GIVEN ENTRIES:
◇ ◇ ◇ ◇
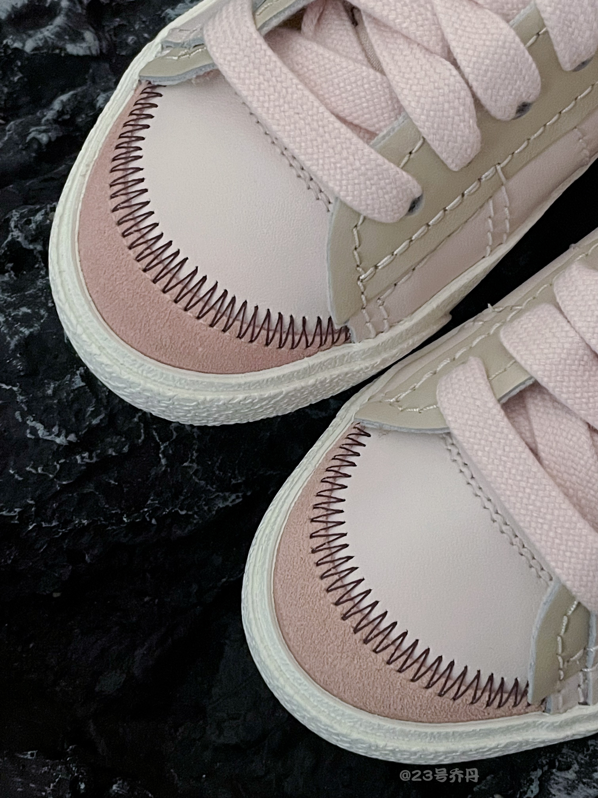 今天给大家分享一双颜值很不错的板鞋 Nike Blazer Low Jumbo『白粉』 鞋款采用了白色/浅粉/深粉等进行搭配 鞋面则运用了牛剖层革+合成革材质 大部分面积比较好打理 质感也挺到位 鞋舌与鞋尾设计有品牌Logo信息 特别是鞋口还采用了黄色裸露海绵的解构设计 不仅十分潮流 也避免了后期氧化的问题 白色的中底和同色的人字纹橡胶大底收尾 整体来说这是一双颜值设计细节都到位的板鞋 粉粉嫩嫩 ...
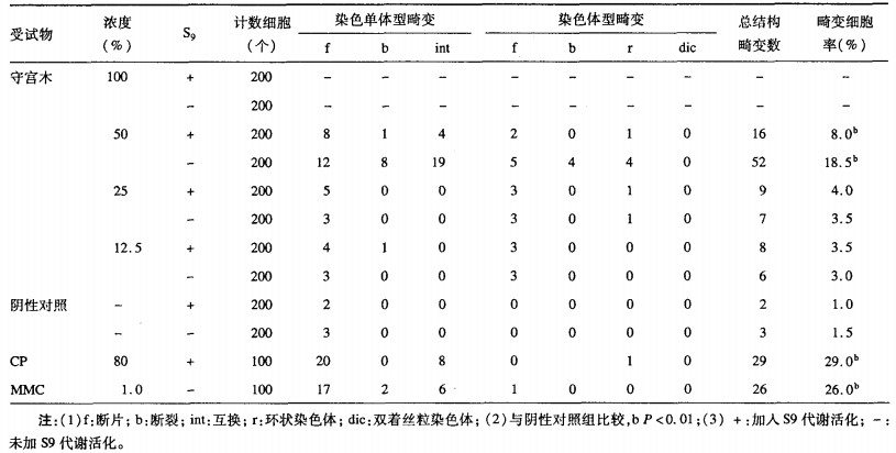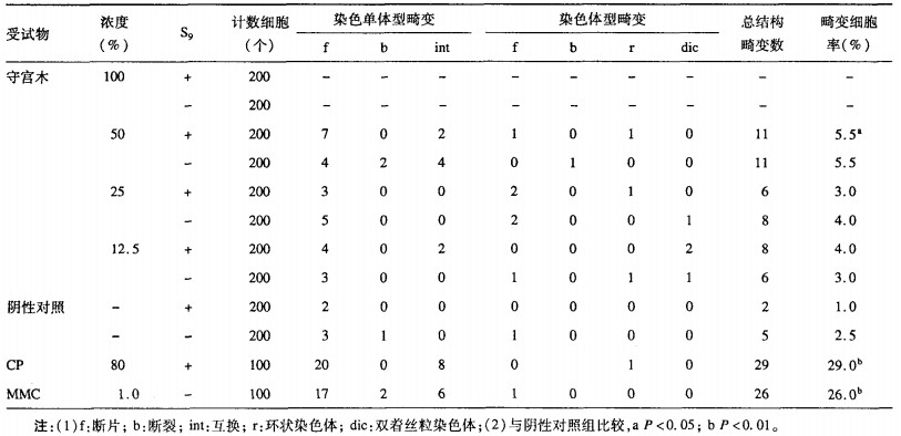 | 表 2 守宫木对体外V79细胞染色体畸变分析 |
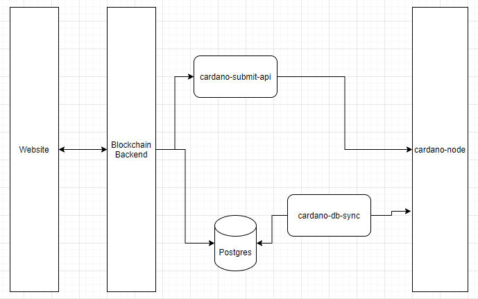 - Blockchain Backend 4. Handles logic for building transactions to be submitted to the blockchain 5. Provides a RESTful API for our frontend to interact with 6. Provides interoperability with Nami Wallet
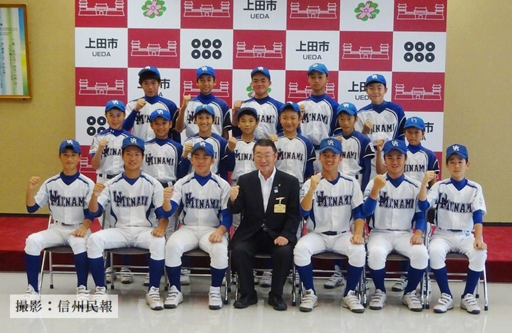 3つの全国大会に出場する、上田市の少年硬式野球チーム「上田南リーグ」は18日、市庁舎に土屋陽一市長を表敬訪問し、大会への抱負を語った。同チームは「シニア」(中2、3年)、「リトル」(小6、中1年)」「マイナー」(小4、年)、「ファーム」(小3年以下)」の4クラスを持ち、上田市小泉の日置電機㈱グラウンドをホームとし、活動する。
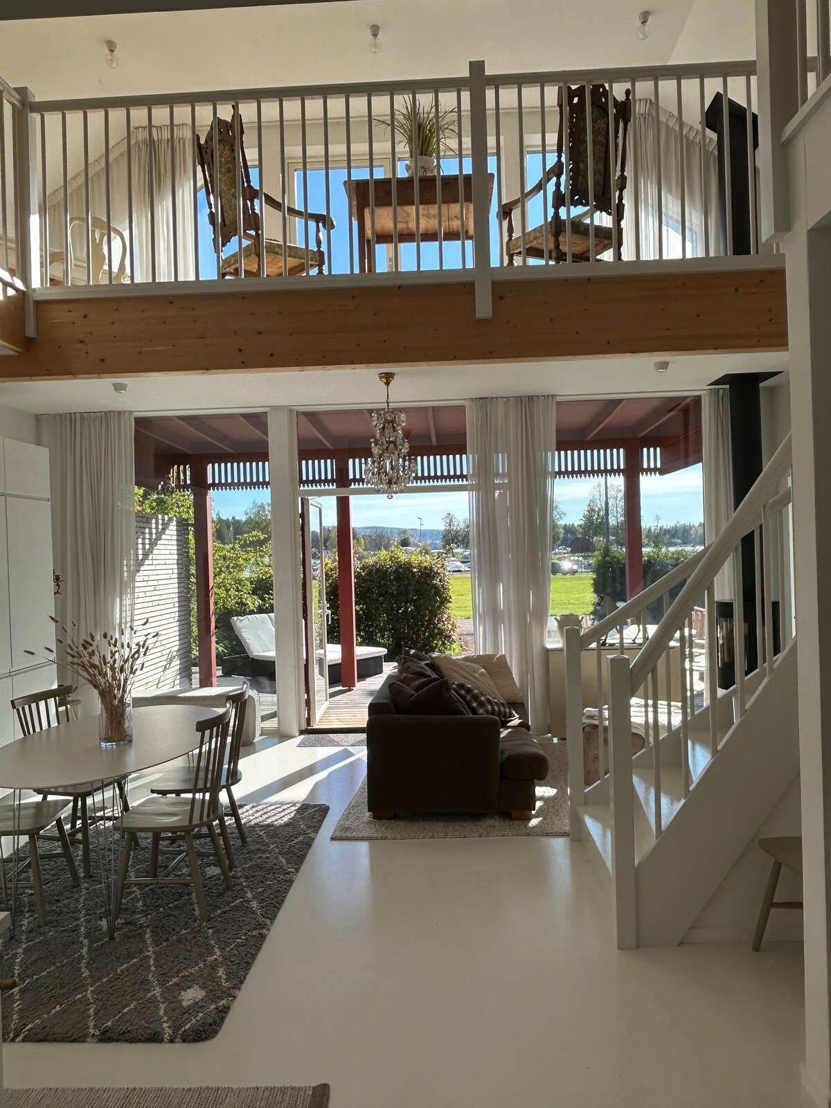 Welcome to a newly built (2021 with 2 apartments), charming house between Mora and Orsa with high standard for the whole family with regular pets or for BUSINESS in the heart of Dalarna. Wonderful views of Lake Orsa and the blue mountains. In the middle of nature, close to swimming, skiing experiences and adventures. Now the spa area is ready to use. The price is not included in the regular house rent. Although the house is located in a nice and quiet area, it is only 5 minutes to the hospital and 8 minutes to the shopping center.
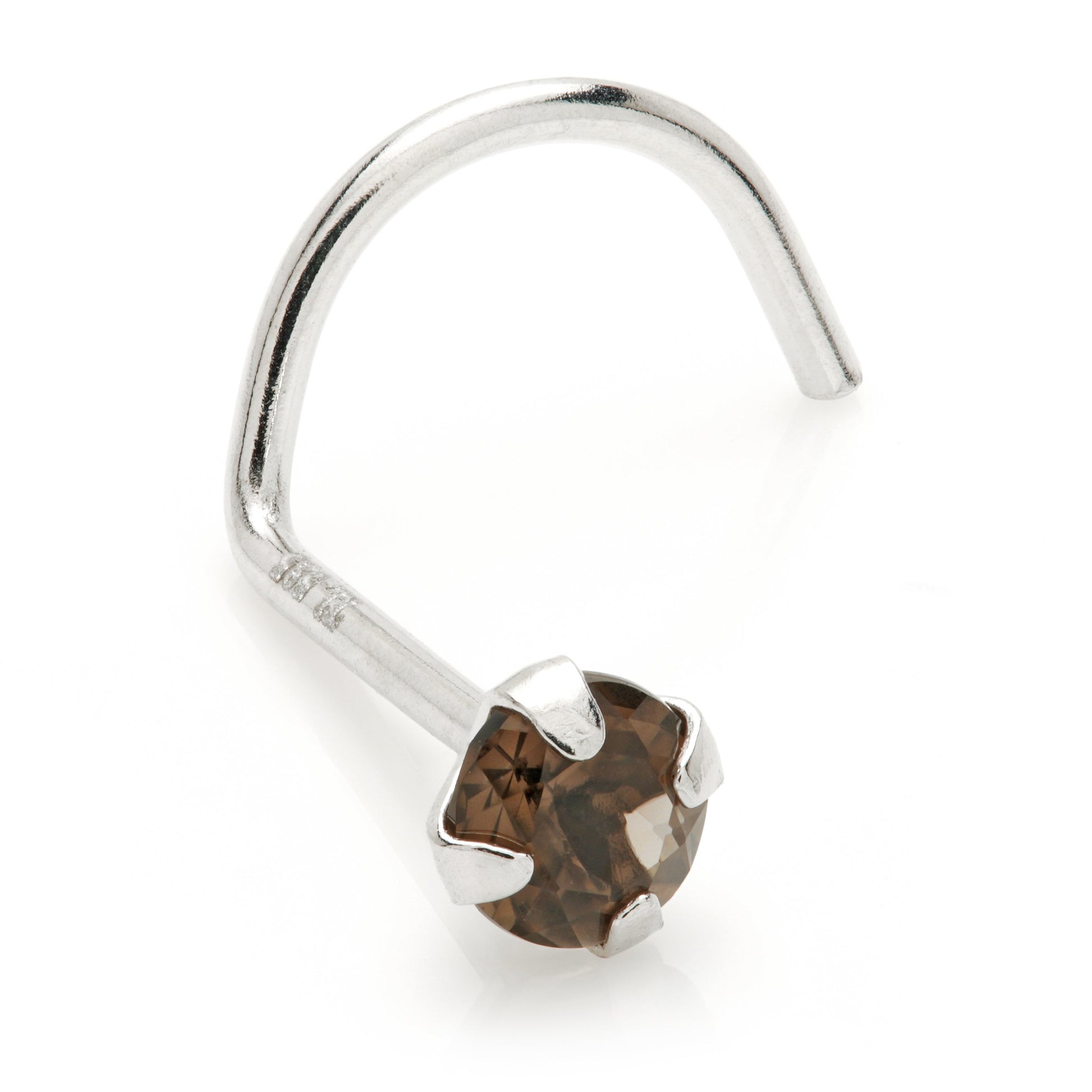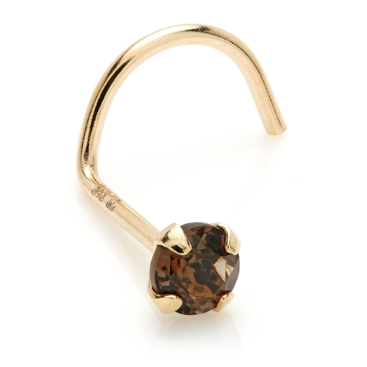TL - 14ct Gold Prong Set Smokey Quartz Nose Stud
◇ ◇ ◇ ◇
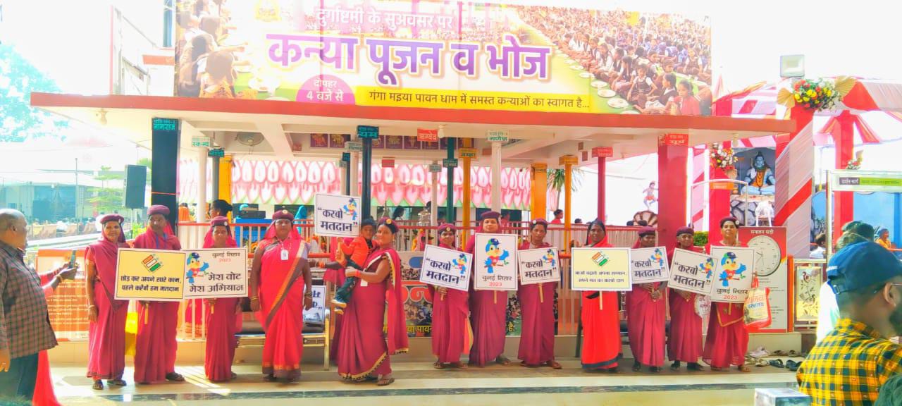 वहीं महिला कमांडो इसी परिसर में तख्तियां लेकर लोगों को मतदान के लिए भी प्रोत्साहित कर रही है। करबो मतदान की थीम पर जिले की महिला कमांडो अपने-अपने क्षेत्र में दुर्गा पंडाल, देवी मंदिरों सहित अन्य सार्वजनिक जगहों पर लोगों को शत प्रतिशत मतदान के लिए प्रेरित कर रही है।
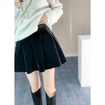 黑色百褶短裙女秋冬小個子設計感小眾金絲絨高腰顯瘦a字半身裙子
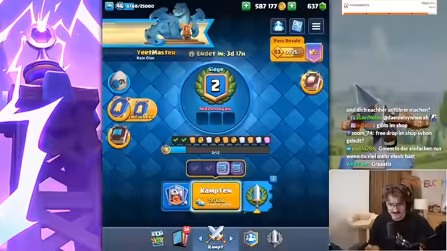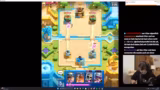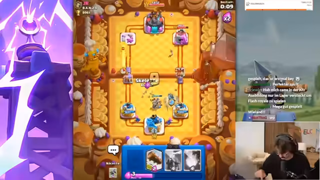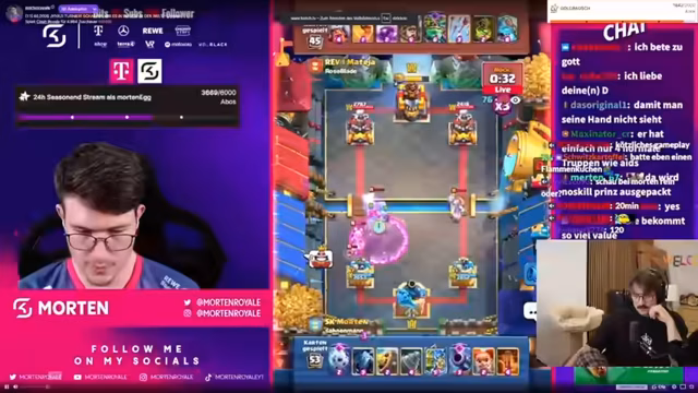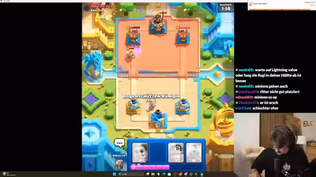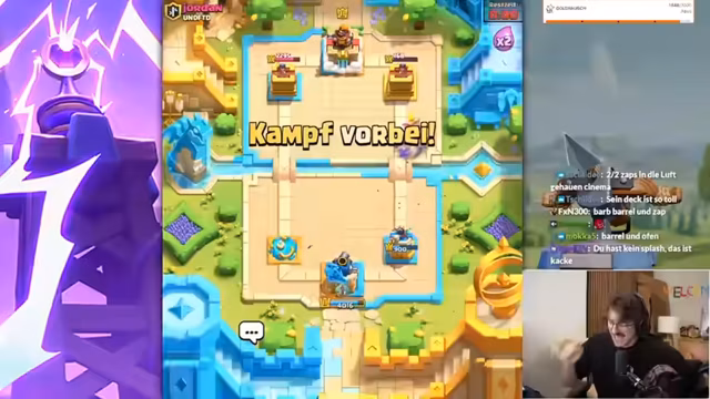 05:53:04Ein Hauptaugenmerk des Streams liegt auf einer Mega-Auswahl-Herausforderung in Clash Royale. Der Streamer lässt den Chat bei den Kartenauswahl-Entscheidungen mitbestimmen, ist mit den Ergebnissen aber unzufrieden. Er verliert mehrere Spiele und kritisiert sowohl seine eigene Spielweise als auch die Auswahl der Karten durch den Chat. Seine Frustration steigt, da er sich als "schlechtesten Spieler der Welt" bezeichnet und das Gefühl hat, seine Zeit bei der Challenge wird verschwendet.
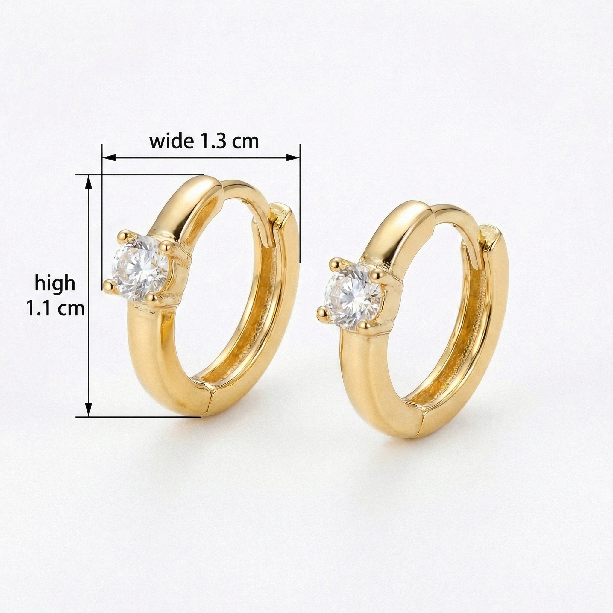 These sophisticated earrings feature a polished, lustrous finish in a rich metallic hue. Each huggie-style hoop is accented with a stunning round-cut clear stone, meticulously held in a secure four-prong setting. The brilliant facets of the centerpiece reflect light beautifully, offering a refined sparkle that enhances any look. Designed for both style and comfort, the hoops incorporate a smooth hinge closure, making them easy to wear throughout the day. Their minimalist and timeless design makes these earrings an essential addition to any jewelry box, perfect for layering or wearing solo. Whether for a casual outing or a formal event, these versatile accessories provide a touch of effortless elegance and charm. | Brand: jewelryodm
◇ ◇ ◇ ◇
TASK TO COMPLETE:
Above are the records. Copy word for word only their lines from the one holding "Welcome to a" through the one holding "TL - 14ct Gold", both included, and skip the images.

WRITTEN SOLUTION:
 Welcome to a newly built (2021 with 2 apartments), charming house between Mora and Orsa with high standard for the whole family with regular pets or for BUSINESS in the heart of Dalarna. Wonderful views of Lake Orsa and the blue mountains. In the middle of nature, close to swimming, skiing experiences and adventures. Now the spa area is ready to use. The price is not included in the regular house rent. Although the house is located in a nice and quiet area, it is only 5 minutes to the hospital and 8 minutes to the shopping center.
TL - 14ct Gold Prong Set Smokey Quartz Nose Stud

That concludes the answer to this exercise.